"Baby?” I called. “Sabile? Something is happening."
Maybe she didn't catch what I said, or she didn't hear the urgency in my voice, because after a moment she called lazily, “Come get in the bath too."
"No, get out of the bath,” I said. “Something big is happening. Come see."
A moment later she stood beside me at the window, wrapped in a damp towel, watching it rain spaceships.
"Oh my God,” she said.
Using my cell phone, I tried to call my parents. There was no signal. Sabile was trying the house phone. “I get nothing,” she said.
Some of the ships were landing now. They landed vertically, like gleaming monuments, their tops pointed at the night sky from which they'd arrived. You looked at them settled there and sensed unimaginable power. Not human power of conquest, as if they'd come to kill our leaders and take our children, but overwhelming poignancy, as though they were something barely remembered from earliest childhood, from before you could really remember things, that meant everything to you. As if they were mothers.

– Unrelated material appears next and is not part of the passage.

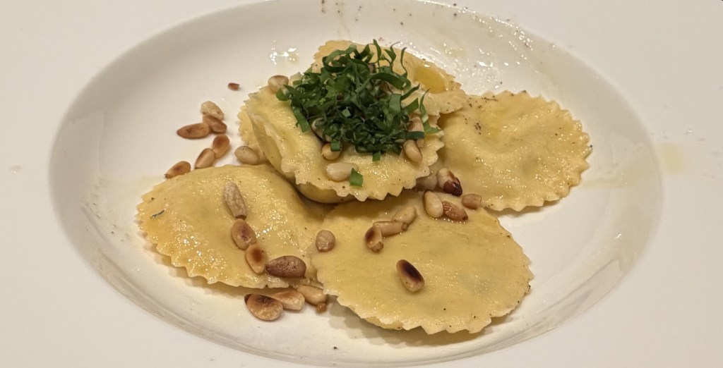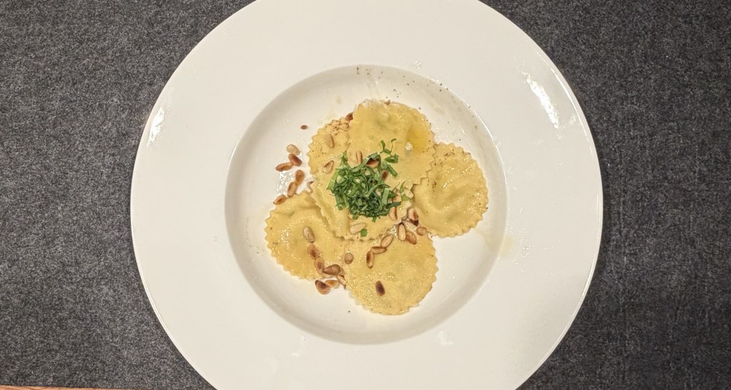 Herrlich, die zarten Ravioli mit ihrer frisch würzigen Füllung, dazu die gebräunte Butter, die zusammen mit den gerösteten Pinienkernen dem Gericht eine nussige Note verleiht.
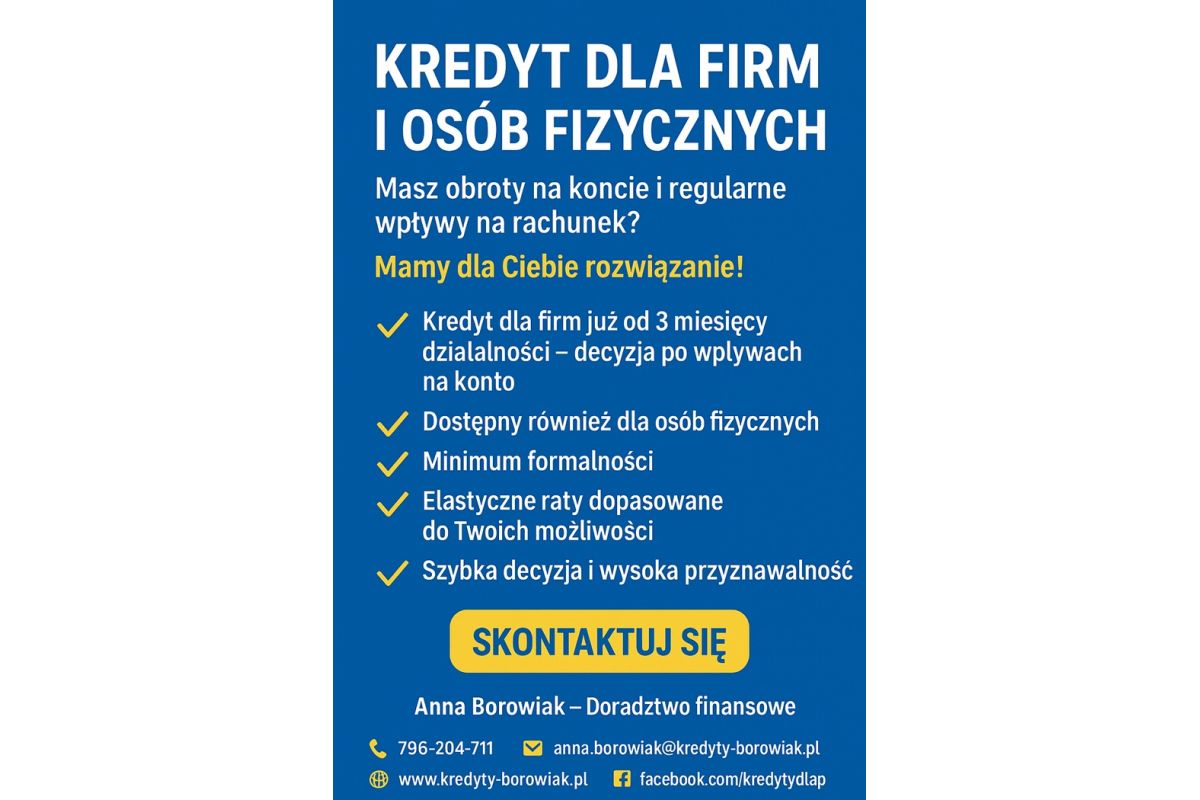 KREDYT DLA FIRM I OSÓB FIZYCZNYCH PO WPŁYWACH NA KONTO

The closest one had landed now in the woods behind the house, less than a mile off. It was taller than the trees, and its white shaft shone far above their tops. The green phosphorescence followed it down and settled around it, seeping through the woods like fog, spreading.

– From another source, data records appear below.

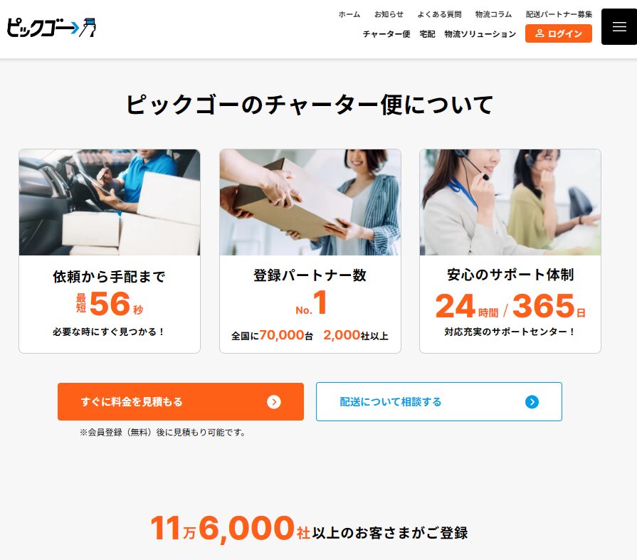 出典:CBcloud株式会社:「ピックゴー」のチャーター配送
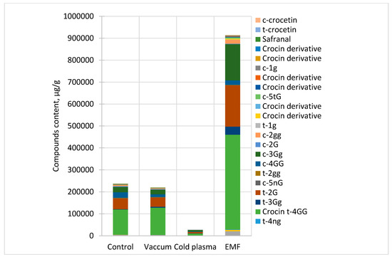 - Amini, M.; Ghoranneviss, M.; Abdijadid, S. Effect of cold plasma on crocin esters and volatile compounds of saffron. Food Chem. 2017, 235, 290–293. [Google Scholar] [CrossRef]
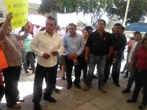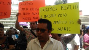 habitantes de la agencia municipal de Santa Rosa Panzacola se manifestaron en la puerta principal del palacio municipal de Oaxaca de Juárez, para exigir se le tome protesta al ciudadano Miguel Aparicio como Agente municipal de dicha agencia, ya que aseguran, fue él quien ganó las elecciones realizadas el pasado 5 de marzo.
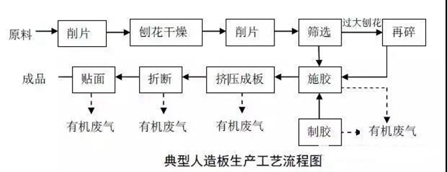 人造板加工行業(yè)VOCs廢氣主要來源于以下環(huán)節(jié):(1)膠合板VOCs的排放主要在單板干燥過程及制膠、施膠、熱壓過程;(2)刨花板主要為涂料、熱壓和鋸邊過程中產(chǎn)生的甲醛等;(3)中密度纖維板有機廢氣主要包括熱磨制漿過程產(chǎn)生的有機廢氣、施膠和纖維干燥過程產(chǎn)生的有機物、纖維板熱壓過程產(chǎn)生的有機廢氣。
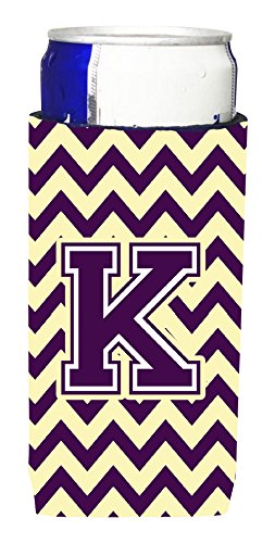 Letter K Chevron Purple and Gold Ultra Beverage Insulators for slim cans CJ1058-KMUK
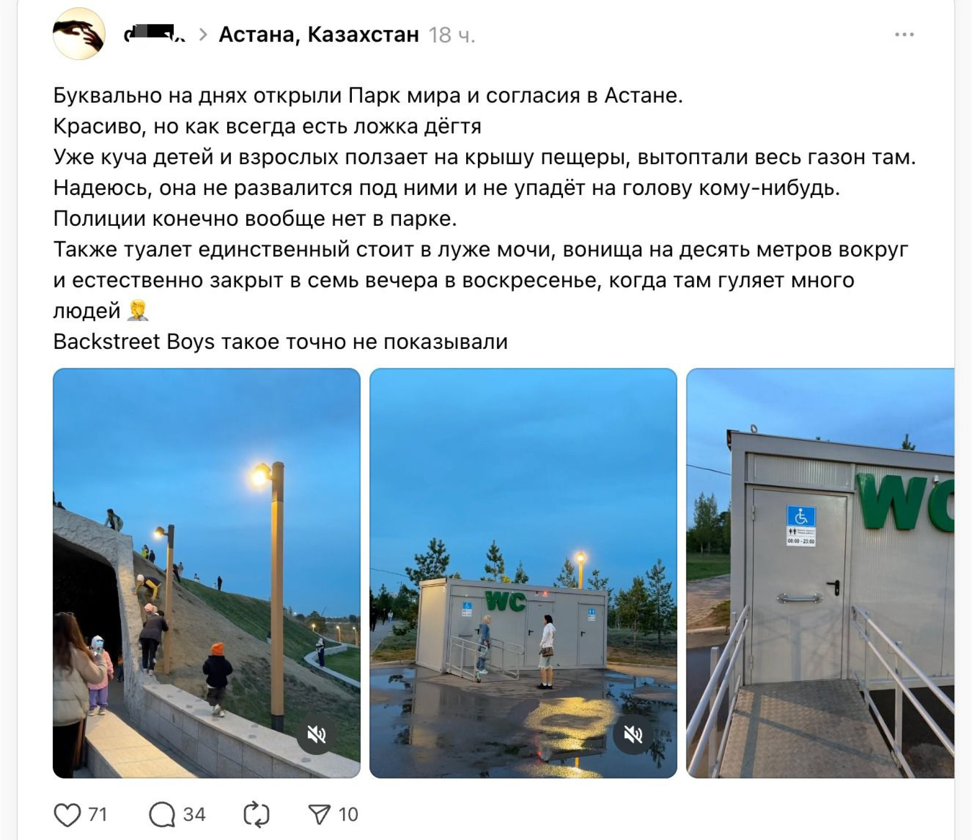 Появившиеся посты в соцсети прокомментировали в акимате Астаны, отмечая, что Парк Мира и Согласия открылся пару дней назад и уже стал популярным местом горожан и гостей столицы.

Sabile said, “They're majestic."
I agreed.
In the far distance, we could still see them falling in other places, hundreds now, perhaps thousands. Even where we couldn't make out the needles—the obelisks—we could see the ghostly green streaks on the darkness that marked their descent.
I wondered, “Is it happening all over the country?"
She added, “All over the world?"
They were majestic, but of course I was afraid. I put my arm around Sabile. Her body was warm and her arms still moist from the bath. With shining eyes she stood beside me at the window, hugging me back, afraid too.
After a while, it seemed to slow down. In the distance a few green trails were still descending, but now the landscape was studded with white towers, like sudden stalagmites. It felt like looking at a landscape on which fresh snow had fallen, a changed world. We wanted to get news, to find out what was happening elsewhere, but the TV was still full of silent static.
"Your laptop,” I said suddenly.
"I'll try,” she said. “But it's dial-up, it'll just use the phone line."
Of course, that didn't work either.
What was there to do? We kept watch by the window for a long time, but nothing happened.
* * * *
In the early-morning darkness, we tried to drowse on the sofa. Sabile had dropped the towel over a chair, and she was naked. On the coffee table lay a stack of paperbacks, damp-looking and stained from being read in the bath, and she reached instinctively for one.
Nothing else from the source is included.